PROBLEM REQUIREMENTS —
Go to the line holding "Ternary phase diagrams" in the data below. Return it and each line after it through the last, exactly, and skip the pictures.

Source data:

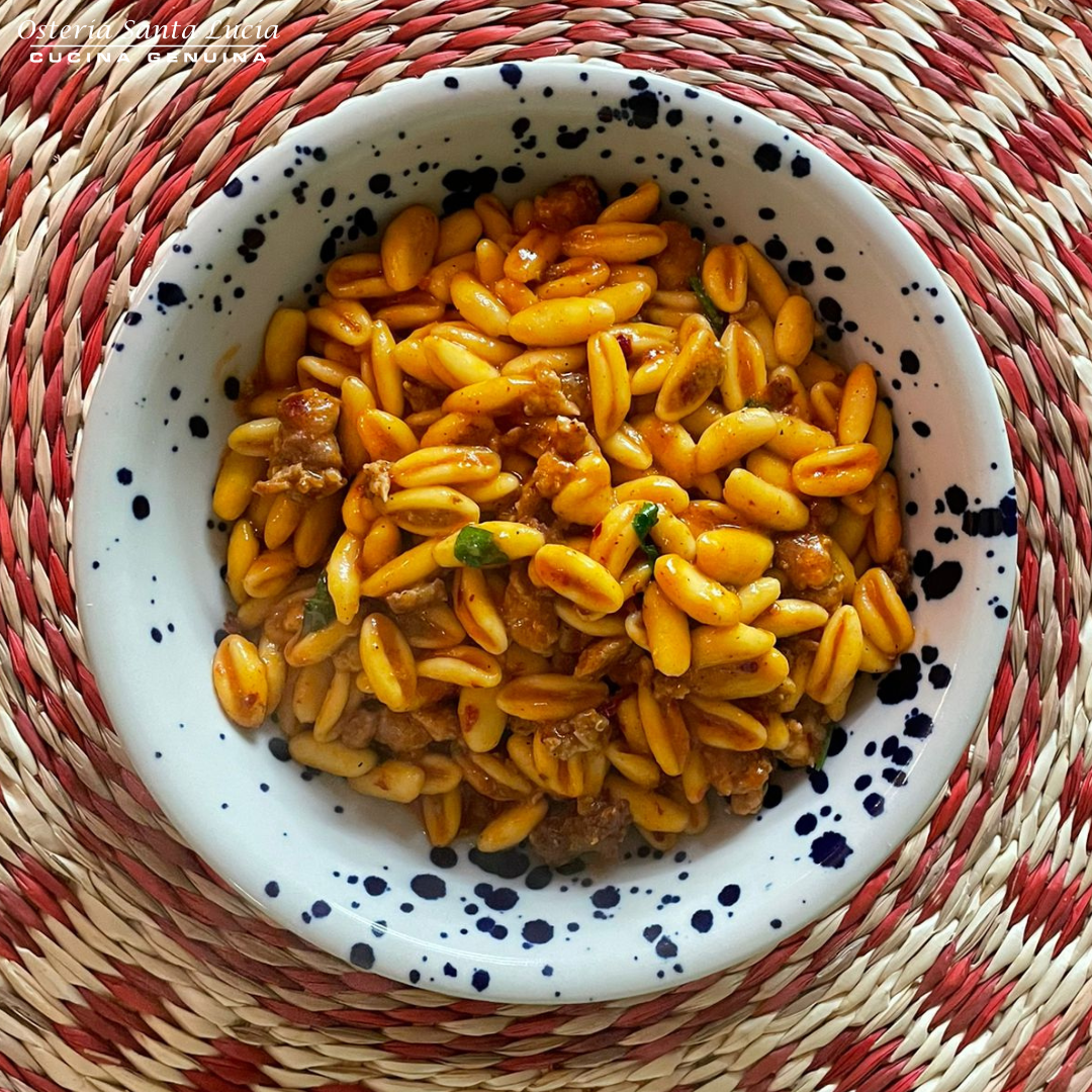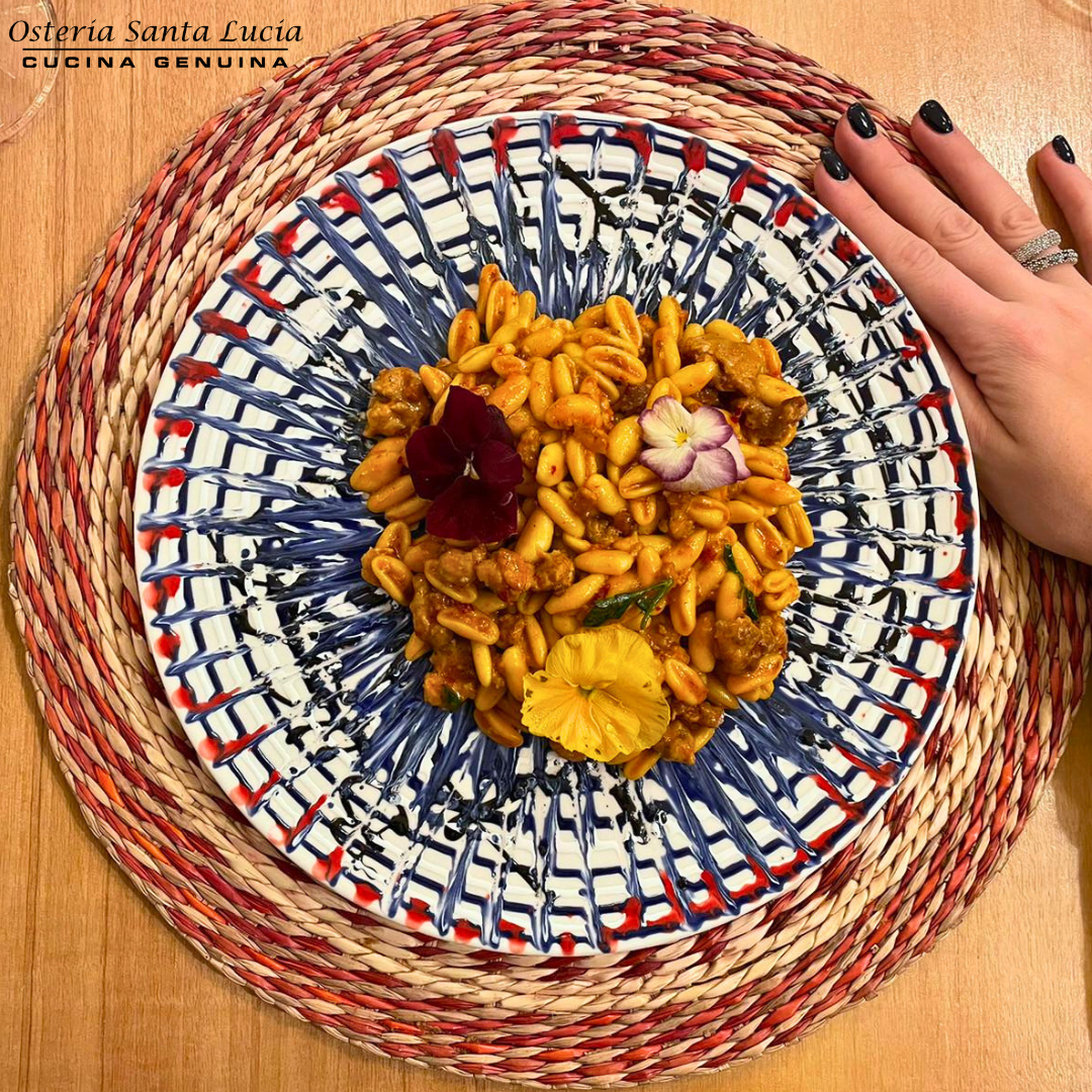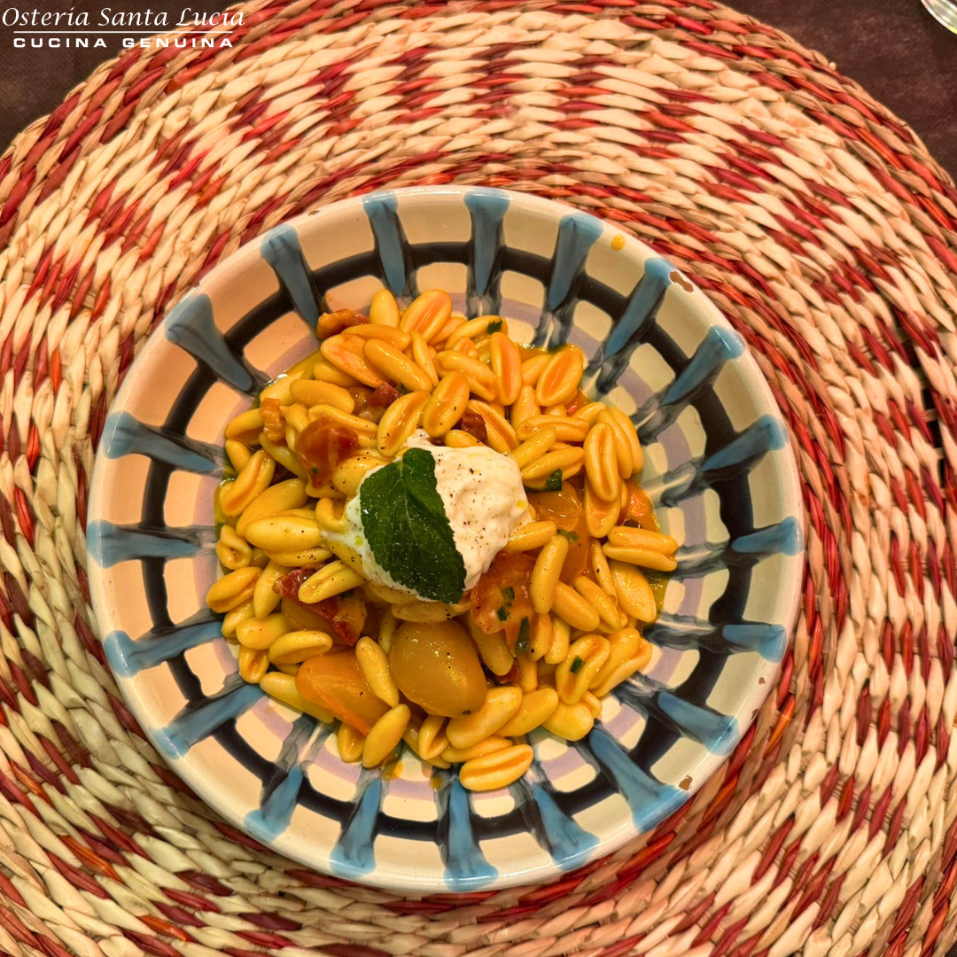 scoprite la vasta gamma di primi piatti squisiti che Osteria Santa Lucia ha da offrire. Dai nostri Scialatielli con Chips di Pecorino, Funghi Porcini e Tartufo, un piatto ricco di sapori e texture, alle nostre Trofie al Pesto di Zucchine e Stracciatella, una rivisitazione moderna di un classico della cucina italiana. Non perdete l’occasione di assaggiare le nostre Tagliatelle Fatte in Casa con Ragù Classico, un vero comfort food che riscalda il cuore.
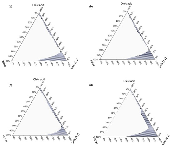 Ternary phase diagrams of oleic acid, water, and various Smix (a) 1:1, (b) 1:2, (c) 2:1, and (d) 3:1. The ME areas are presented by the shaded regions.
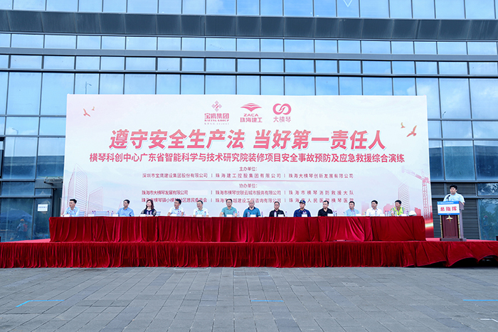 6月17日,由寶鷹集團(tuán)、珠海建工、珠海大橫琴聯(lián)合主辦安全事故預(yù)防及應(yīng)急救援綜合演練在珠海橫琴?gòu)V東省智能科學(xué)與技術(shù)研究院裝飾裝修項(xiàng)目舉行。
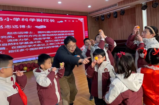 在教育“双减”背景下,浙江省温州市积极探索给科学教育做“加法”。2023年9月,温州市出台《新时代温州中小学科学教育实施方案》,启动科学教师队伍建设等六大行动,聘请百位科研工作者担任百所学校的科学副校长。根据中国科学院大学与温州的共建精神,首批百位科学副校长全部由国科温州研究院派出。赵志远正是广场路小学的科学副校长。
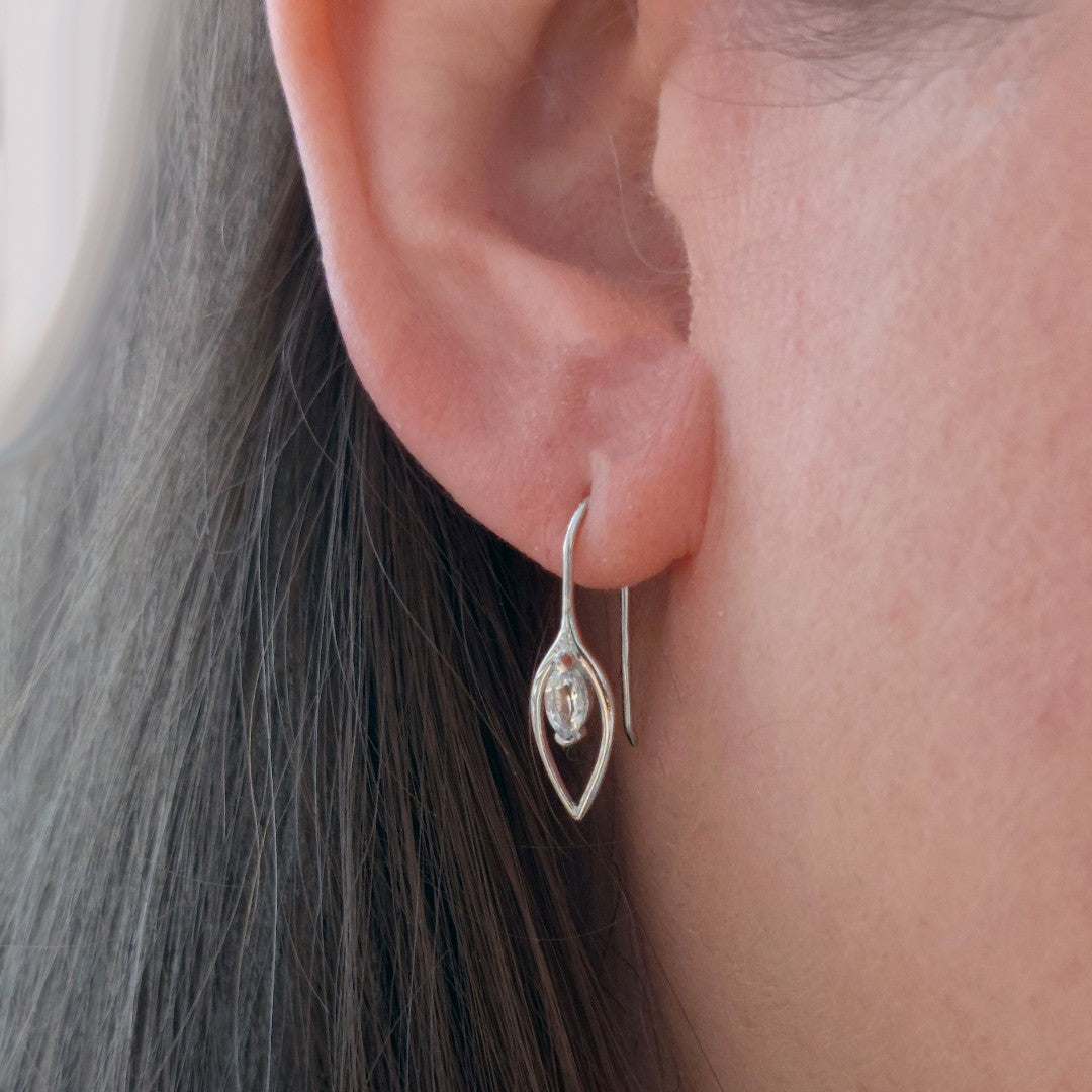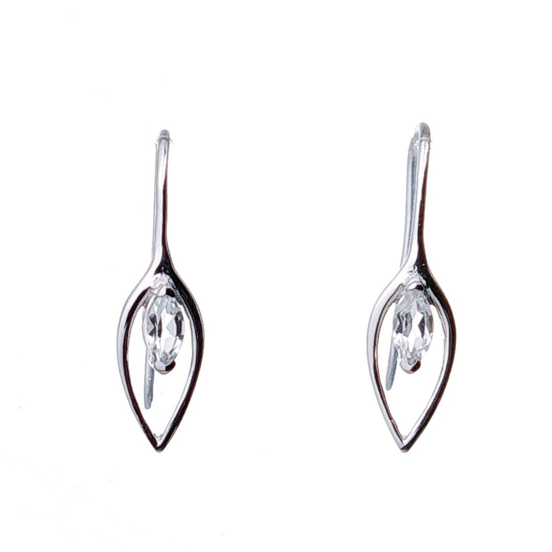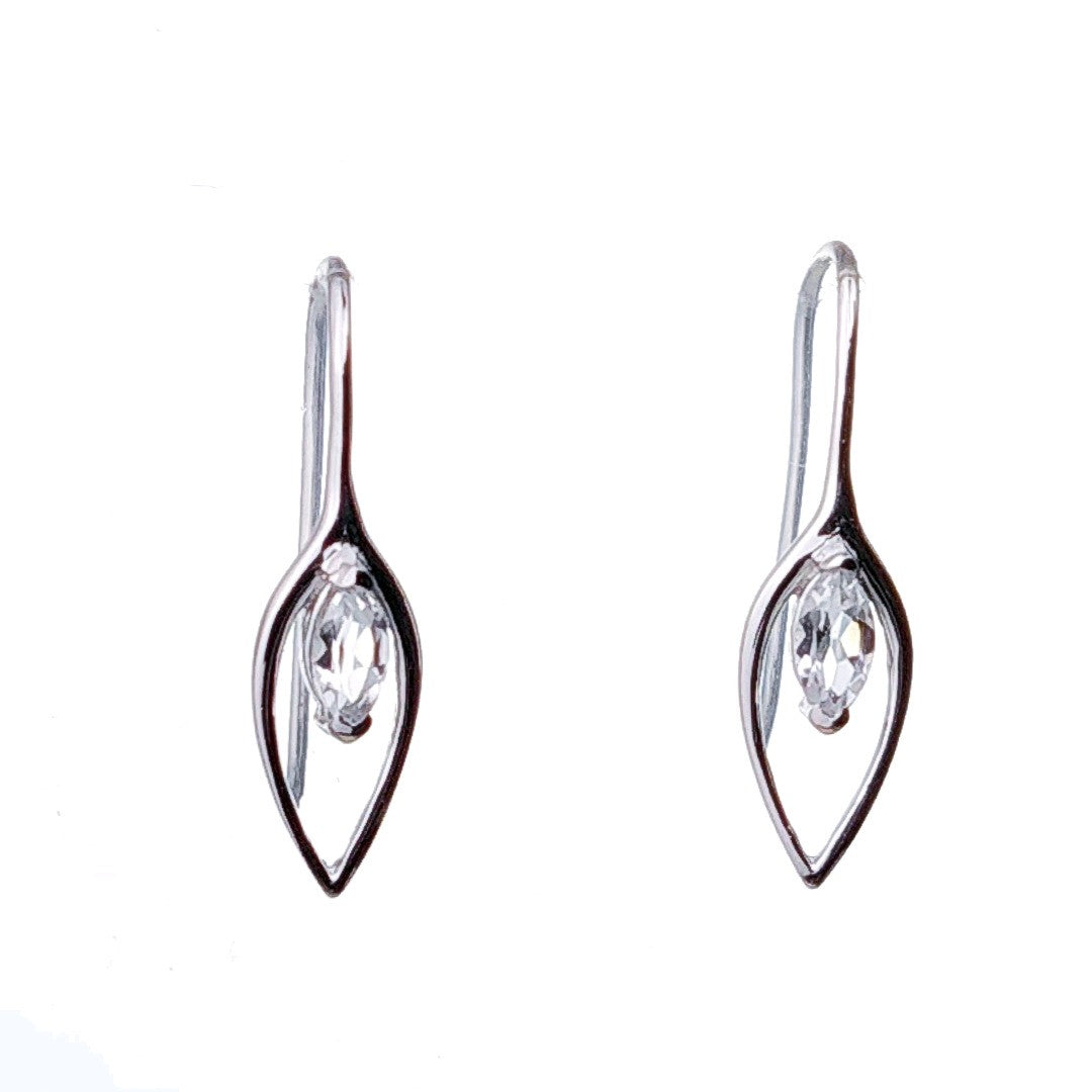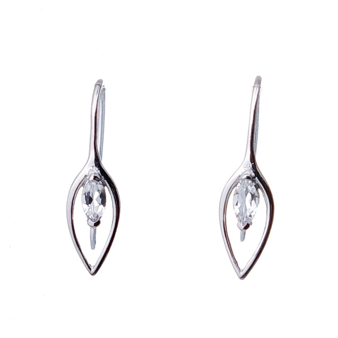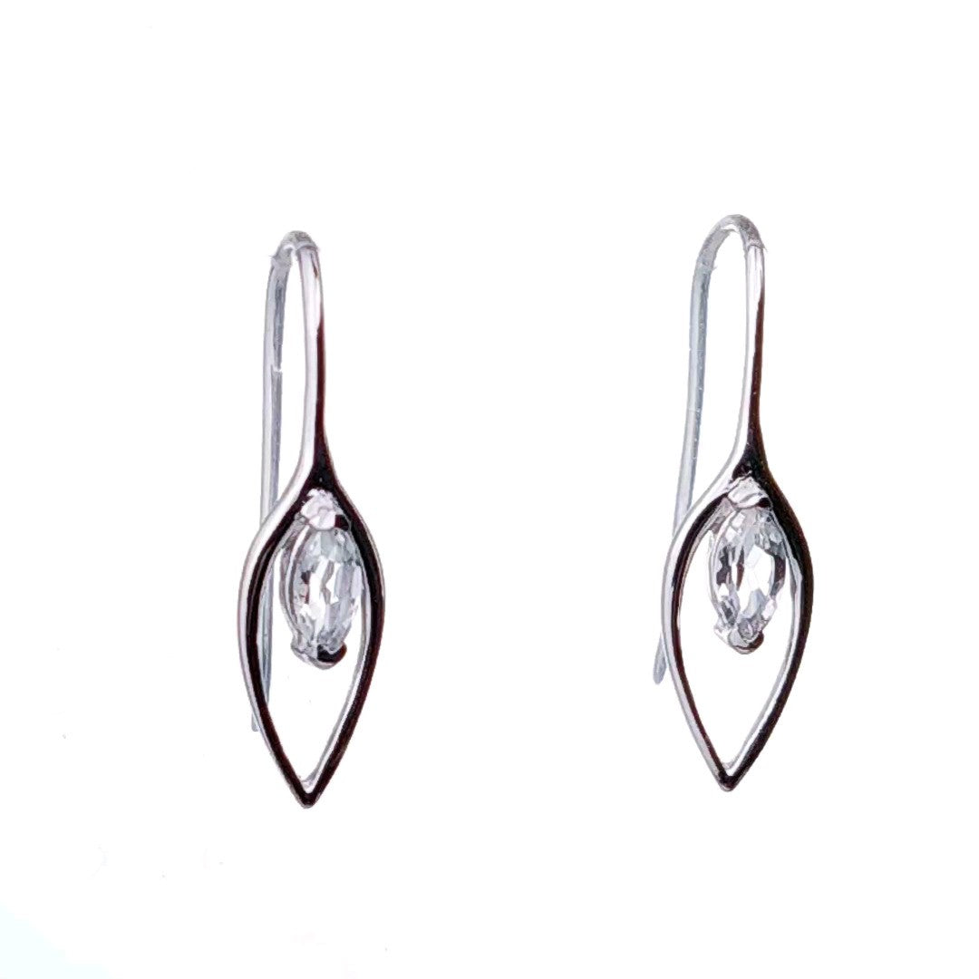 White Topaz Dangle Earrings 0.4ct Sterling Silver Marquise Hook Gift Box

RESULT OF THIS EXERCISE —
 Ternary phase diagrams of oleic acid, water, and various Smix (a) 1:1, (b) 1:2, (c) 2:1, and (d) 3:1. The ME areas are presented by the shaded regions.
 6月17日,由寶鷹集團(tuán)、珠海建工、珠海大橫琴聯(lián)合主辦安全事故預(yù)防及應(yīng)急救援綜合演練在珠海橫琴?gòu)V東省智能科學(xué)與技術(shù)研究院裝飾裝修項(xiàng)目舉行。
 在教育“双减”背景下,浙江省温州市积极探索给科学教育做“加法”。2023年9月,温州市出台《新时代温州中小学科学教育实施方案》,启动科学教师队伍建设等六大行动,聘请百位科研工作者担任百所学校的科学副校长。根据中国科学院大学与温州的共建精神,首批百位科学副校长全部由国科温州研究院派出。赵志远正是广场路小学的科学副校长。
 White Topaz Dangle Earrings 0.4ct Sterling Silver Marquise Hook Gift Box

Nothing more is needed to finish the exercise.